All of the features disclosed in this specification (including any accompanying claims, abstract and drawings), and/or all of the steps of any method or process so disclosed, may be combined in any combination, except combinations where at least some of such features and/or steps are mutually exclusive.

Each feature disclosed in this specification (including any accompanying claims, abstract and drawings), may be replaced by alternative features serving the same, equivalent or similar purpose, unless expressly stated otherwise. Thus, unless expressly stated otherwise, each feature disclosed is one example only of a generic series of equivalent or similar features.

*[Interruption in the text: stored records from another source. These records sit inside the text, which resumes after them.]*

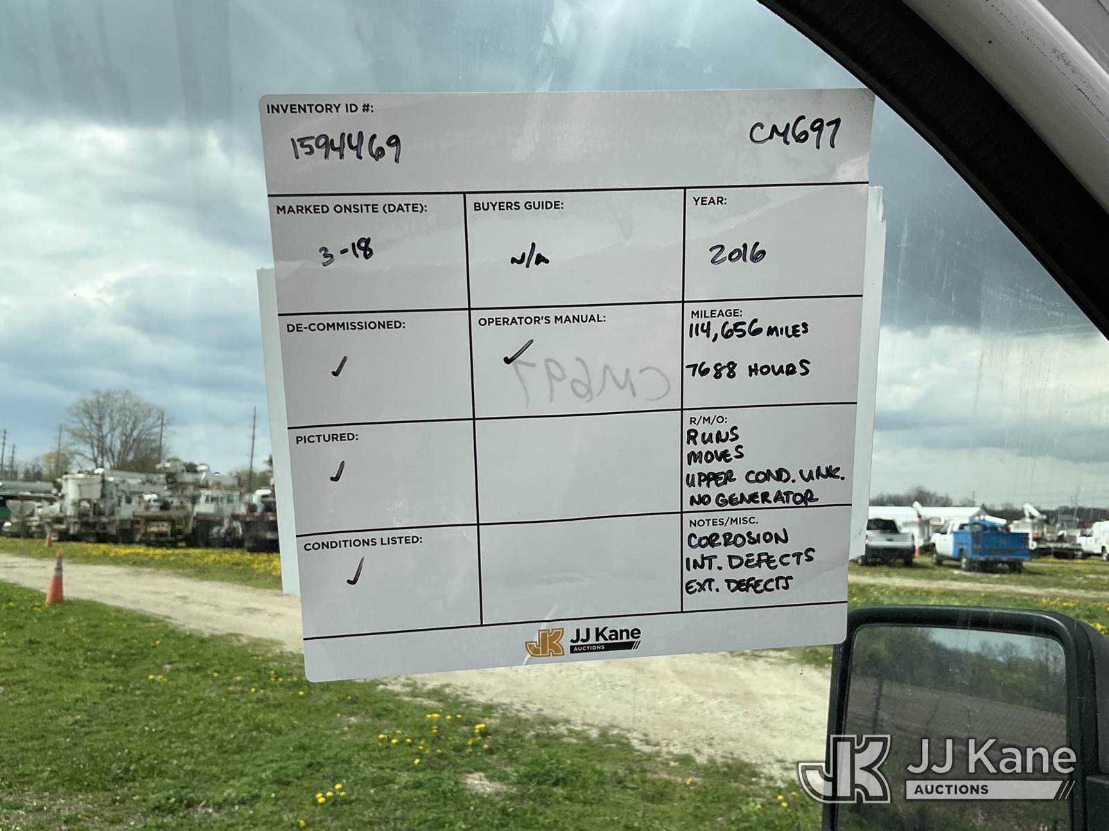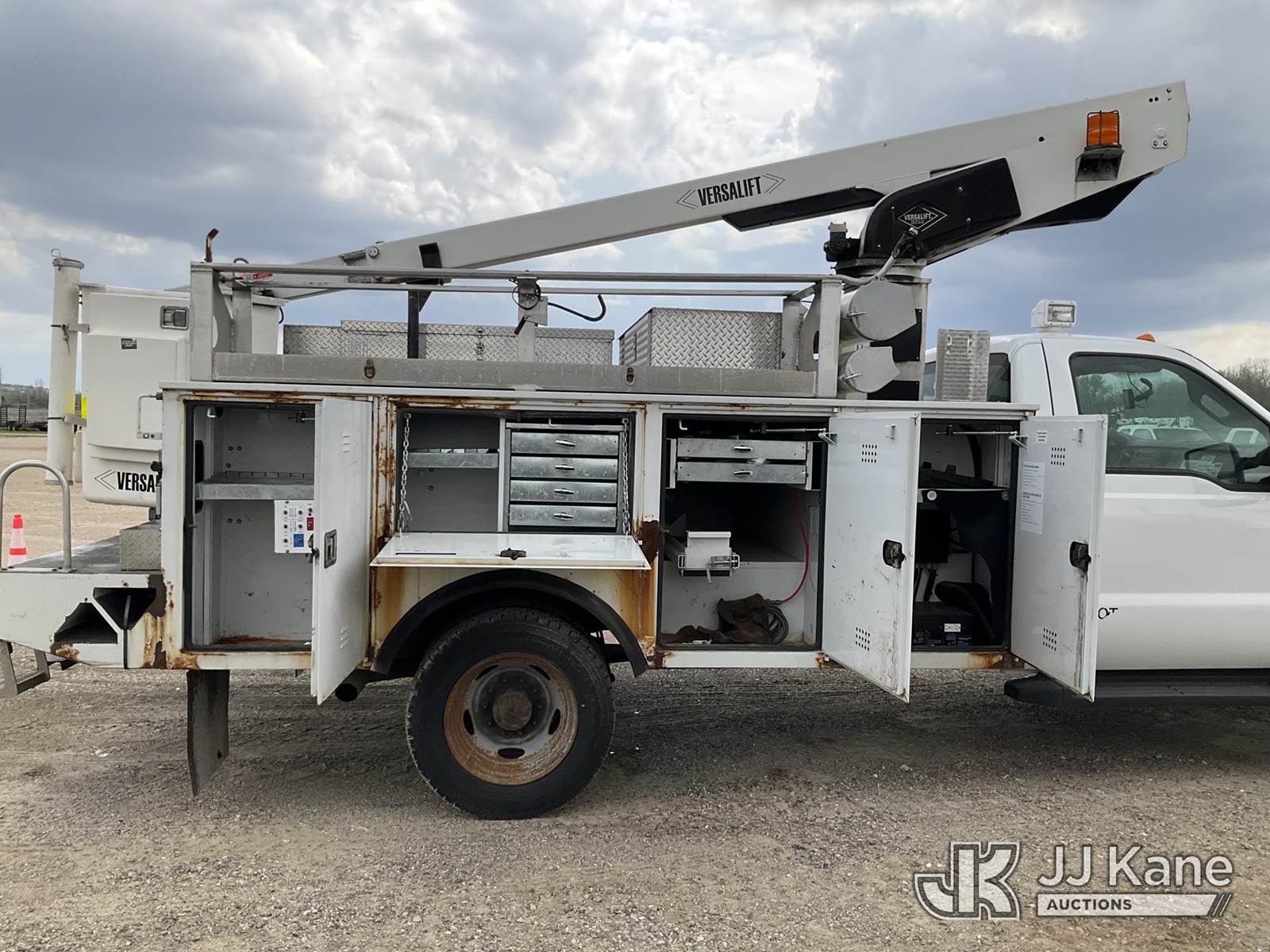 Versalift TEL29, 34 ft, Telescopic Non-Insulated Bucket Truck s/n AG150424, with single man bucket, mounted behind cab on 2016 Ford F-450 SD Service Truck, 10-cyl Gas, Auto, A/C, with go-light, (114,656 miles) ((Runs, Moves & Upper Condition Unknown - No Generator To Operate Upper) (Corrosion, Interior Defects, Exterior Defects - See Pictures)) (Reads 7,688 hours) This is a Titled Item NOTE: This unit is being sold AS IS/WHERE IS via Timed Auction and is located in Charlotte, MI. Inspection & preview days for this unit are the 2 business days prior to the first day of items closing for this auction, item is located at 750 Island Hwy Charlotte, MI 48813 and hours of operations are 8a-4p. For pre-sale questions, please contact Corey Cook at (517) 983-0796 or corey.cook@jjkane.com (Missing manuals, See Auction Company for Manufacturers Information to obtain manuals) (Buyer is responsible for removal. Assistance by consignor or JJ Kane Auctions is not assured.)
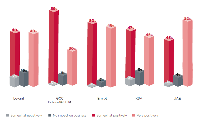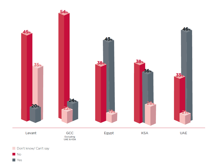 Executives were also asked if CSR has become important (no surprises here, it has), as well as if they intend to keep up their CSR activities in 2022 – Egyptian, Saudi and the UAE executives said they would do more, while Levant and GCC executives said they’d do the same.
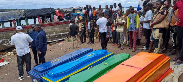 10月16日,在刚果(金)姆班达卡,人们站在沉船事故遇难者的棺材旁。新华社/路透
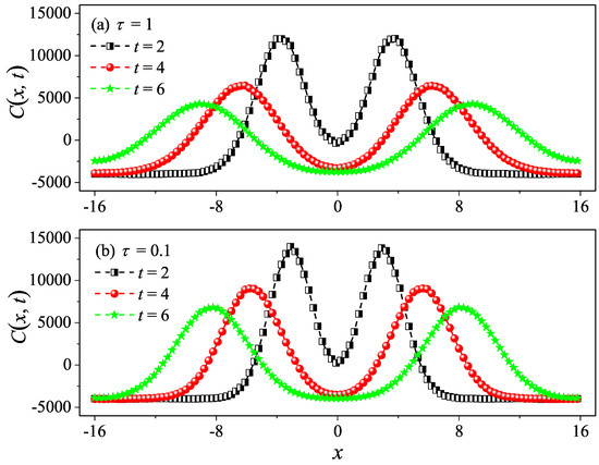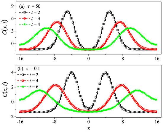 However, it is clear in Figure 4c,d that, for and , undergoes a rapid decay at short times, and eventually, it begins to oscillate around zero (the negative values of are not shown in this log–log scale). The fitting function with the green solid line exhibits an exponential decay. To compare and more accurately, we compute the sound speed of the system with the help of the spatiotemporal correlation function of local heat currents defined in Equation (8). In Figure 5, we present for the system size . The two peaks representing the sound mode can be clearly identified in Figure 5a,b. Their moving speed is measured to be for and for . In Figure 2, the horizontal line for is obtained, truncating the integral in Equation (7) up to with . It can be seen that agrees with . Thus, the equilibrium simulations are fully consistent with the non-equilibrium simulations.
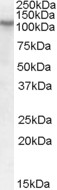 | Western Blot | Approx 110kDa band observed in Human Heart and Ileum lysates (calculated MW of 121kDa according to NP_150279.1). Recommended concentration |
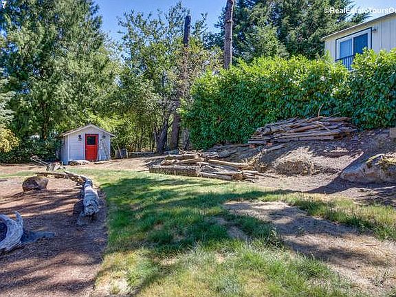 Private, quiet property w/deep set back from street. Expansive grounds and daylight studio. Skylights, galley kitchen, disposal, gas plumbed. Gas space heaters. Bathroom w/shower. Covered patio and storage. 2014 Roof. Outbuildings include bunk house and shed at far corner of property. Build options, upside investment potential. Home business opportunity. Adjacent lot RMLS #17457604 also for sale by same owner. Tour by appointment only.
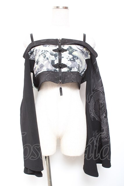 Qutie Frash / 和柄オフショルショートボレロ 黒 Y-26-01-20-014-QU-TO-SZ-ZY [2100070000048916-Y-26-01-20-014-QU-TO-SZ-ZY]

The invention is not restricted to the details of the foregoing embodiments. The invention extends to any novel one, or any novel combination, of the features disclosed in this specification (including any accompanying claims, abstract and drawings), or to any novel one, or any novel combination, of the steps of any method or process so disclosed.

Claims

1. A method for the manufacture of a heat fusion fitting, which comprises:

i) forming a body of hollow, tubular construction comprising at least a first layer of a first cross-linked polymeric material,

ii) forming an insert by moulding a second polymeric material around a ferromagnetic heating element so that the ferromagnetic heating element is embedded or partly embedded therein, the moulded material extending axially of the ferromagnetic heating element to form in-situ pre-moulded “cold zones” to contain the flow of melt from a melt region, the ferromagnetic heating element having a Curie temperature equal to or greater than the crystalline melting point or softening point of the second polymeric material, and

iii) assembling the body and the insert to form the fitting by expanding the body at a temperature below the crystalline melting point or softening point of the first polymeric material to impart a degree of dimensional recoverability to the body, such that the body, or a portion thereof, can recover from a larger diameter to a smaller diameter and thereby engage the insert which is positioned in the direction of recovery.

2. A method according to claim 1, in which the first layer is an outer layer of the body and the insert is positioned internally of the body.

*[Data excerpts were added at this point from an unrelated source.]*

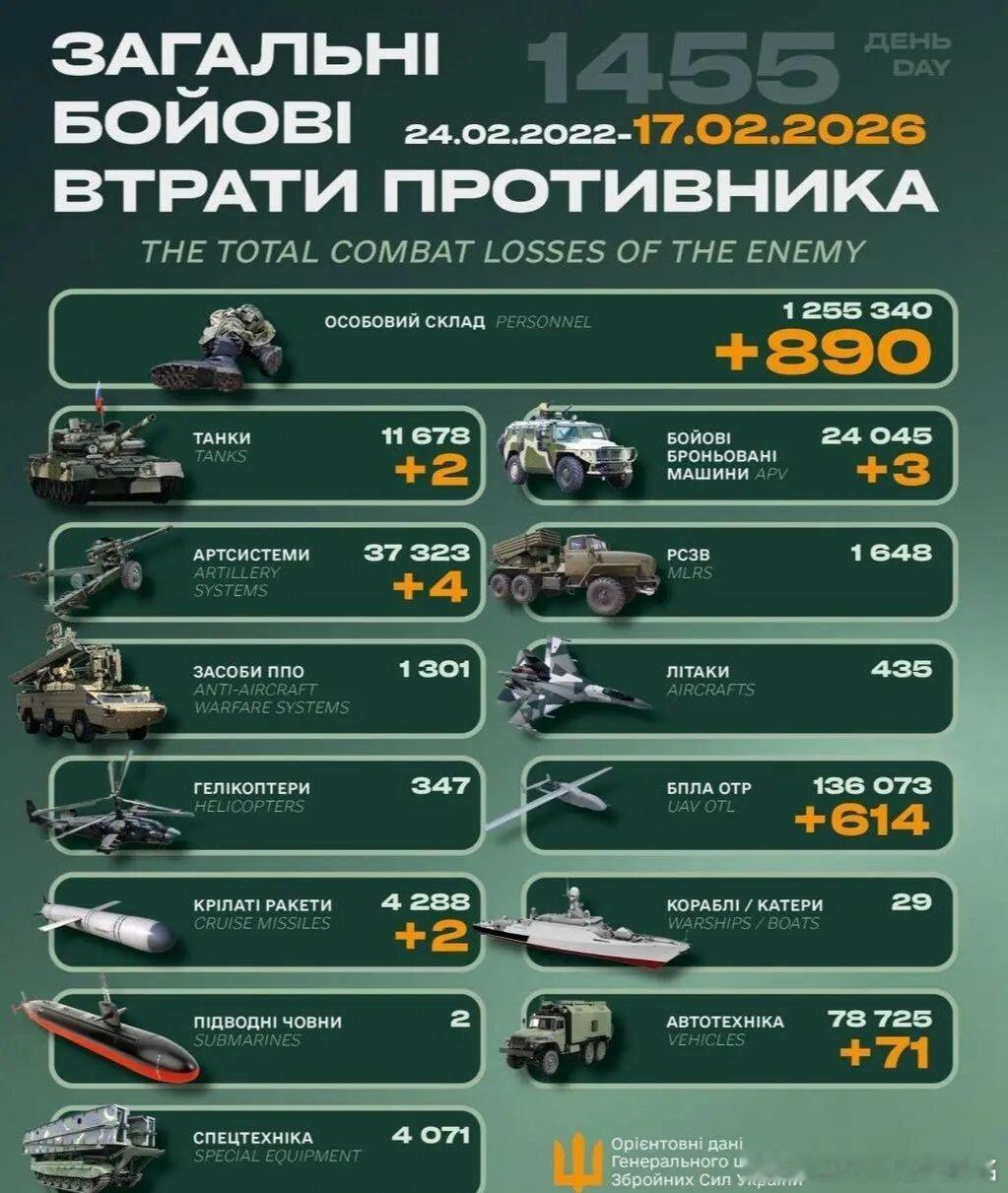 乌俄战争进入第1455天,乌克兰总参谋部发布战报:过去24小时乌俄双方交战141次,其中19次在胡利亚伊波列(27次在苏梅)、19次在托列茨克、12次在莱曼、59次在波克罗夫斯克、5次在南顿涅茨克区域。毙伤俄890名。俄军累计损失1255340人。摧毁俄2辆坦克、3辆装甲车、4门火炮、614架大型无人机、72辆军车、2枚导弹。
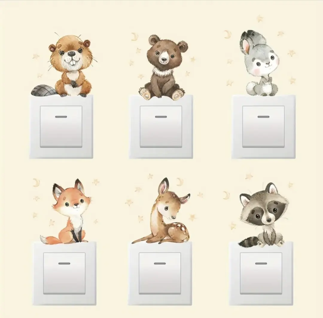 Dale un toque dulce y acogedor a cualquier espacio con este set de pegatinas decorativas infantiles de animales, ideal para habitaciones de bebé, dormitorios infantiles o zonas de juego. Sus diseños suaves y encantadores transforman interruptores y paredes en pequeños detalles que alegran el hogar al instante.
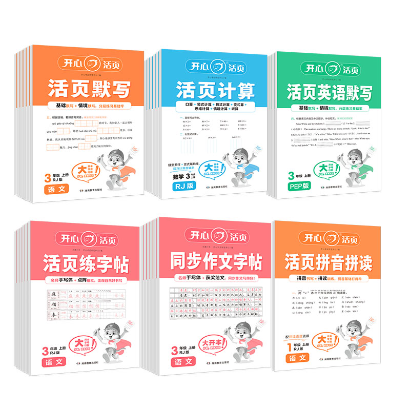 2025秋开心活页默写计算练字帖一二三四五六年级上下册语文数学英语同步练习口算专项训练本看拼音写词语纸冀教版苏教版竖式六三制

3. A method according to claim 1, in which the body is of dual layer or multi-layer construction, and at least one of the layers is a barrier layer.

4. A method according to claim 1, in which the body has either corrugations or ribs on its outer surface.

5. A method according to claim 1, in which the first polymeric material is polyethylene, an ethylene copolymer, PVC, or a modified PVC.

6. A method according to claim 1, in which the first polymeric material is cross-linked to an extent of from 30% to 95%.

7. A method according to claim 2, in which the fitting is an in-line coupling and only the end sections of the coupling are expanded.

8. A method according to claim 2, in which the expansion of the body is in the range of from 15% to 45%.

9. A method according to claim 1, in which the ferromagnetic heating element comprises a wire of conductive material covered with a ferromagnetic material.

10. A method according to claim 1, in which the ferromagnetic heating element is of generally tubular construction and is inwardly radially deformable.

11. A method according to claim 1, in which the second polymeric material is uncross-linked polyethylene.

12. A method according to claim 2, in which the moulded material is extended axially of the ferromagnetic heating element to form end sections adapted to perform further functions.

13. A method according to claim 1, in which the moulded material is extended axially of the ferromagnetic heating element to form end sections which are provided with internal grooves for accommodating sealing means.

14. A method according to claim 1, in which the ferromagnetic heating element has a Curie temperature of from 20° C. to 80° C. greater than the crystalline melting point or softening point of the second polymeric material.

15. A method according to claim 1, in which the dimensions of the expanded body and the insert are such that there is still some unresolved recovery in the body after it has recovered into contact with the insert.